_Task instructions_
Exactly as they stand, give the records below again, with no images.

_Material for this exercise_
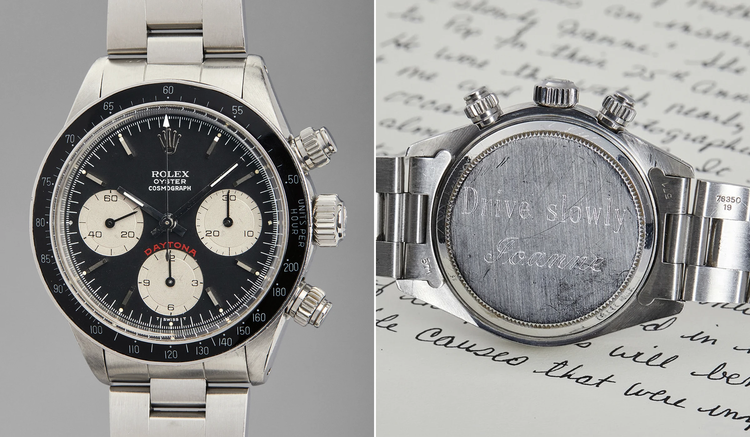 Doch welche Geschichte steckt hinter dieser Uhr – und welche Umstände begründeten ihren exorbitant hohen Verkaufspreis? Laut dem Auktionshaus Phillips erwarb Joanne Woodward die Rolex Daytona Ref. 6239 für ihren Mann Paul Newman während der Dreharbeiten des Films Winning im Jahr 1969. In Winning verkörperte Paul Newman die Rolle des Rennfahrers Frank Capua, und seine Frau Joanne Woodward spielte im Film passenderweise Capuas Ehefrau. Die Uhr, die über ein „Exotic“-Zifferblatt verfügt, das später in „Paul Newman“-Zifferblatt umbenannt wurde, wurde um das Jahr 1968 von Joanne Woodward bei Tiffany & Co. an der Fifth Avenue in New York erworben, worauf die von Hand eingravierte Inventarnummer auf der Rückseite eines Horns hindeutet. Im Laufe seines Lebens wurde Newman mit mehreren Generationen der Daytona fotografiert – bei der hier beschriebenen Uhr handelt es sich jedoch um die erste und zugleich einzige Daytona mit „Exotic“-Zifferblatt, die Newman trug. Auf dem Gehäuseboden findet sich die liebevolle Widmung „DRIVE CAREFULLY ME“. Die von Paul Newman getragene Uhr wurde von James Cox – einst der Freund und heute Vertraute von Newmans Tochter Nell Newman – um das Jahr 1984 in Empfang genommen, aufbewahrt und schlussendlich zur Auktion freigegeben.
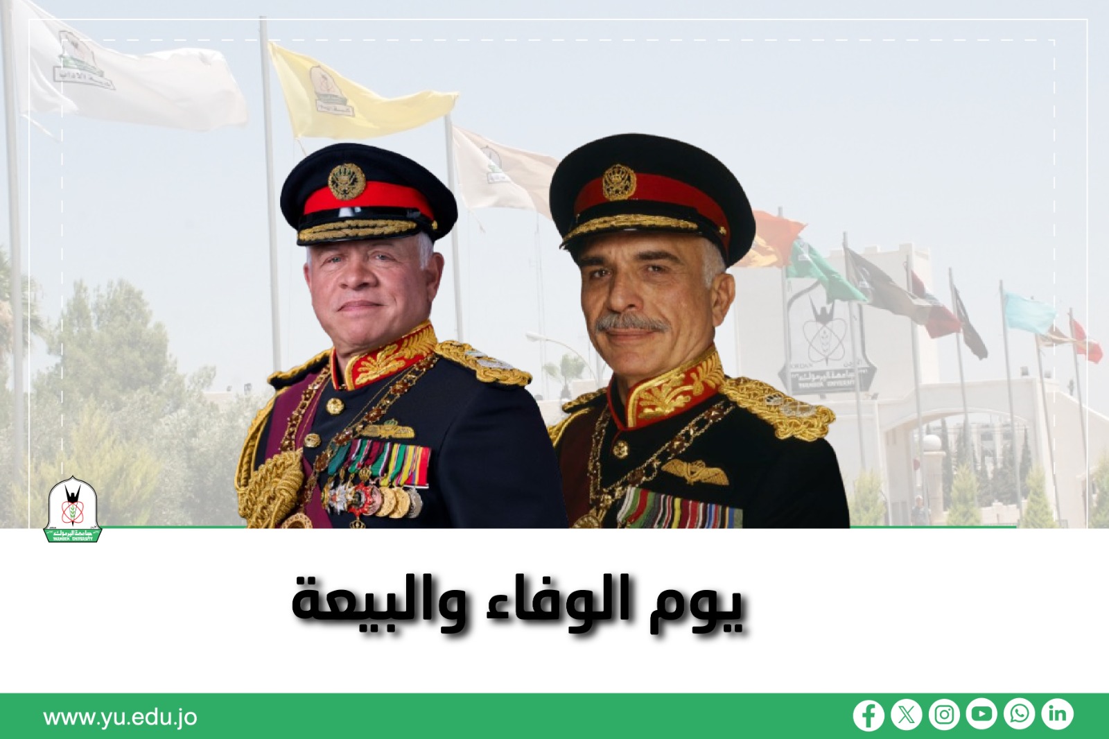 تحيي جامعة اليرموك، اليوم السبت السابع من شباط، الذكرى السابعة والعشرين لـ "يوم الوفاء والبيعة"؛...
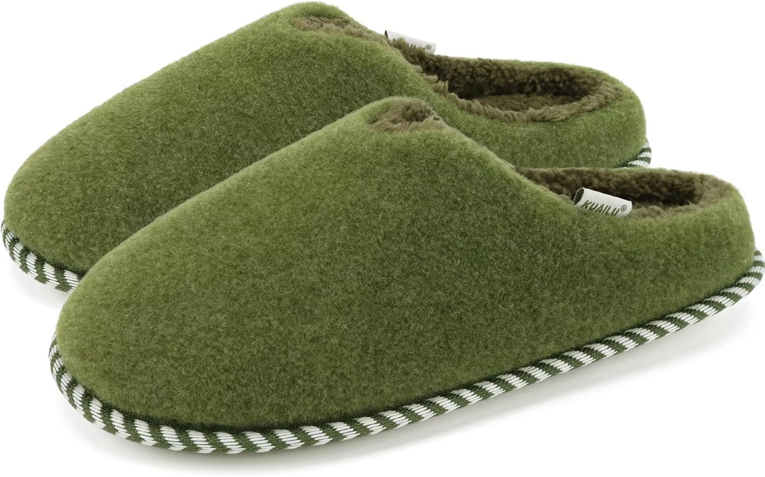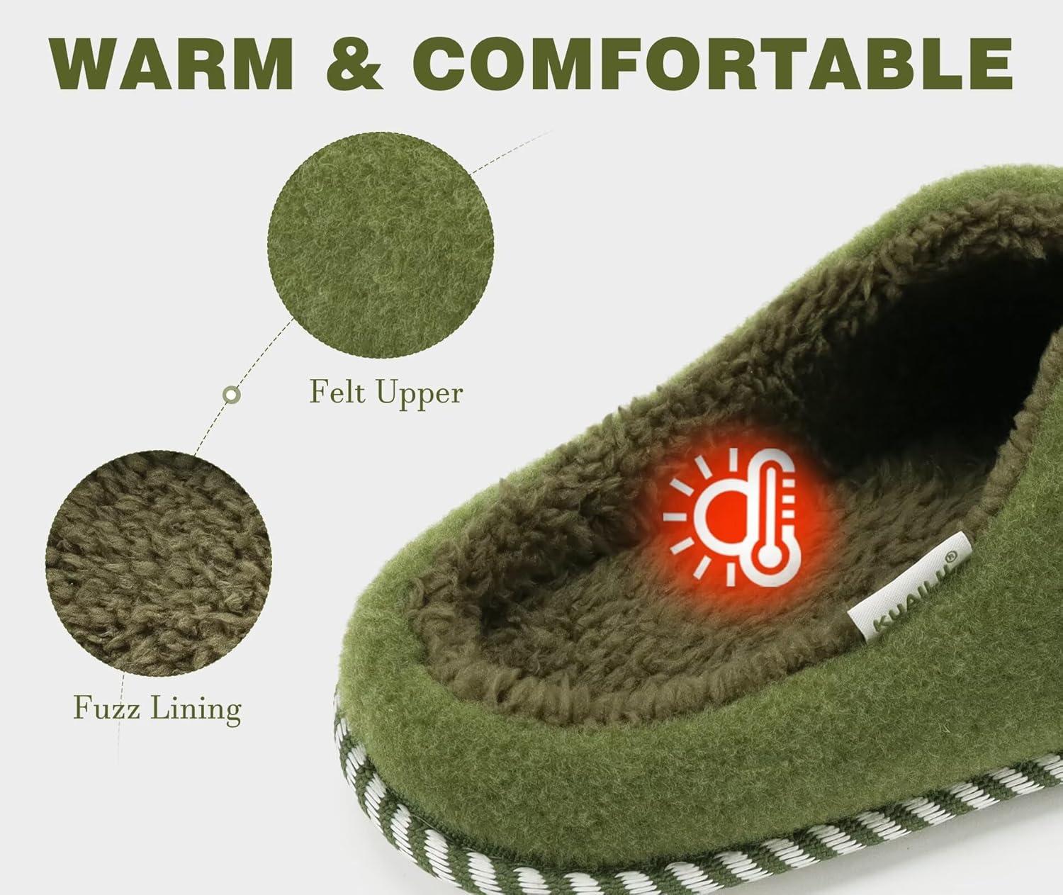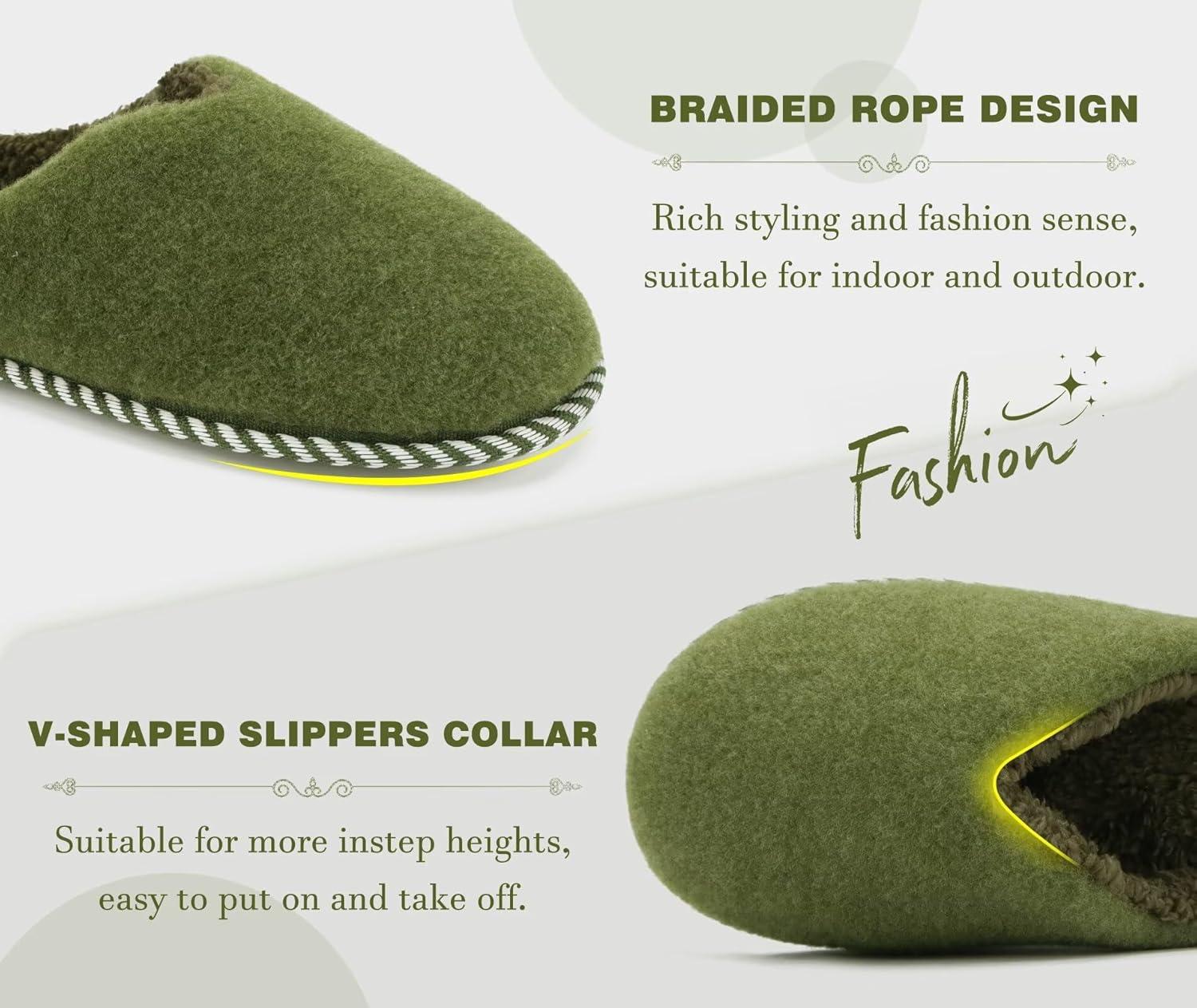 KuaiLu Womens Supportive Memory Foam Slippers Felt Fuzzy Lined Heel Cushion Lightweight House Shoes for Indoor Outdoor(Green)
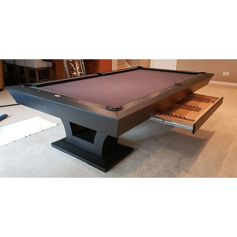 The Luxor Pool Table by Olhausen Billiards blends sleek, modern aesthetics with the superior craftsmanship Olhausen is known for. Featuring a contemporary enclosed solid wood rail system, flat-paneled apron, and pedestal-style legs finished in brushed aluminum, this table delivers both bold design and top-tier performance.
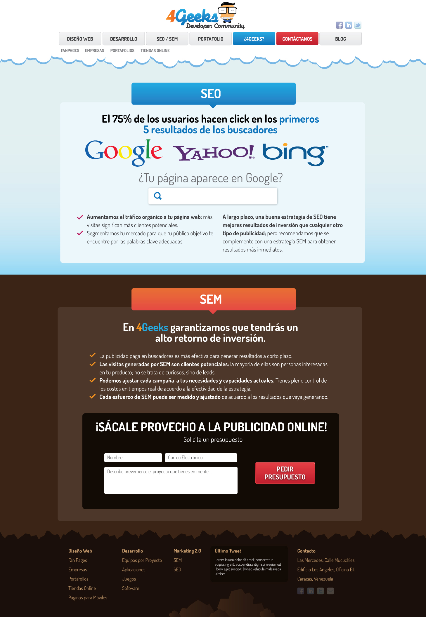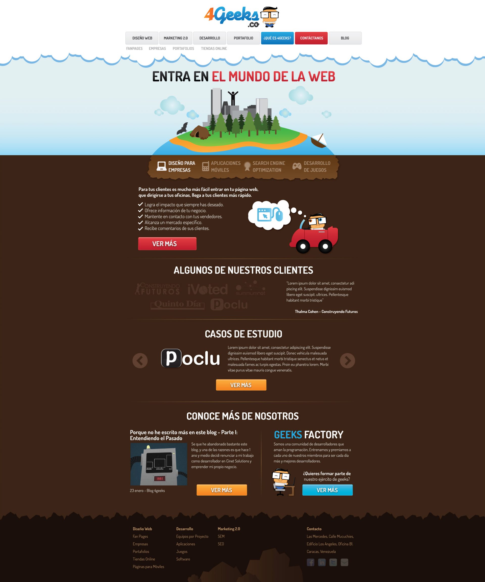 I worked with 4Geeks from their beginning, I was basically the Sr. Designer for all web design projects, this particular one was for the Company itself. We wanted to give it a "Geeky" and playful look and feel and use it as our main hub to promote our Web Services.

_Finished task_
 Doch welche Geschichte steckt hinter dieser Uhr – und welche Umstände begründeten ihren exorbitant hohen Verkaufspreis? Laut dem Auktionshaus Phillips erwarb Joanne Woodward die Rolex Daytona Ref. 6239 für ihren Mann Paul Newman während der Dreharbeiten des Films Winning im Jahr 1969. In Winning verkörperte Paul Newman die Rolle des Rennfahrers Frank Capua, und seine Frau Joanne Woodward spielte im Film passenderweise Capuas Ehefrau. Die Uhr, die über ein „Exotic“-Zifferblatt verfügt, das später in „Paul Newman“-Zifferblatt umbenannt wurde, wurde um das Jahr 1968 von Joanne Woodward bei Tiffany & Co. an der Fifth Avenue in New York erworben, worauf die von Hand eingravierte Inventarnummer auf der Rückseite eines Horns hindeutet. Im Laufe seines Lebens wurde Newman mit mehreren Generationen der Daytona fotografiert – bei der hier beschriebenen Uhr handelt es sich jedoch um die erste und zugleich einzige Daytona mit „Exotic“-Zifferblatt, die Newman trug. Auf dem Gehäuseboden findet sich die liebevolle Widmung „DRIVE CAREFULLY ME“. Die von Paul Newman getragene Uhr wurde von James Cox – einst der Freund und heute Vertraute von Newmans Tochter Nell Newman – um das Jahr 1984 in Empfang genommen, aufbewahrt und schlussendlich zur Auktion freigegeben.
 تحيي جامعة اليرموك، اليوم السبت السابع من شباط، الذكرى السابعة والعشرين لـ "يوم الوفاء والبيعة"؛...
 KuaiLu Womens Supportive Memory Foam Slippers Felt Fuzzy Lined Heel Cushion Lightweight House Shoes for Indoor Outdoor(Green)
 The Luxor Pool Table by Olhausen Billiards blends sleek, modern aesthetics with the superior craftsmanship Olhausen is known for. Featuring a contemporary enclosed solid wood rail system, flat-paneled apron, and pedestal-style legs finished in brushed aluminum, this table delivers both bold design and top-tier performance.
 I worked with 4Geeks from their beginning, I was basically the Sr. Designer for all web design projects, this particular one was for the Company itself. We wanted to give it a "Geeky" and playful look and feel and use it as our main hub to promote our Web Services.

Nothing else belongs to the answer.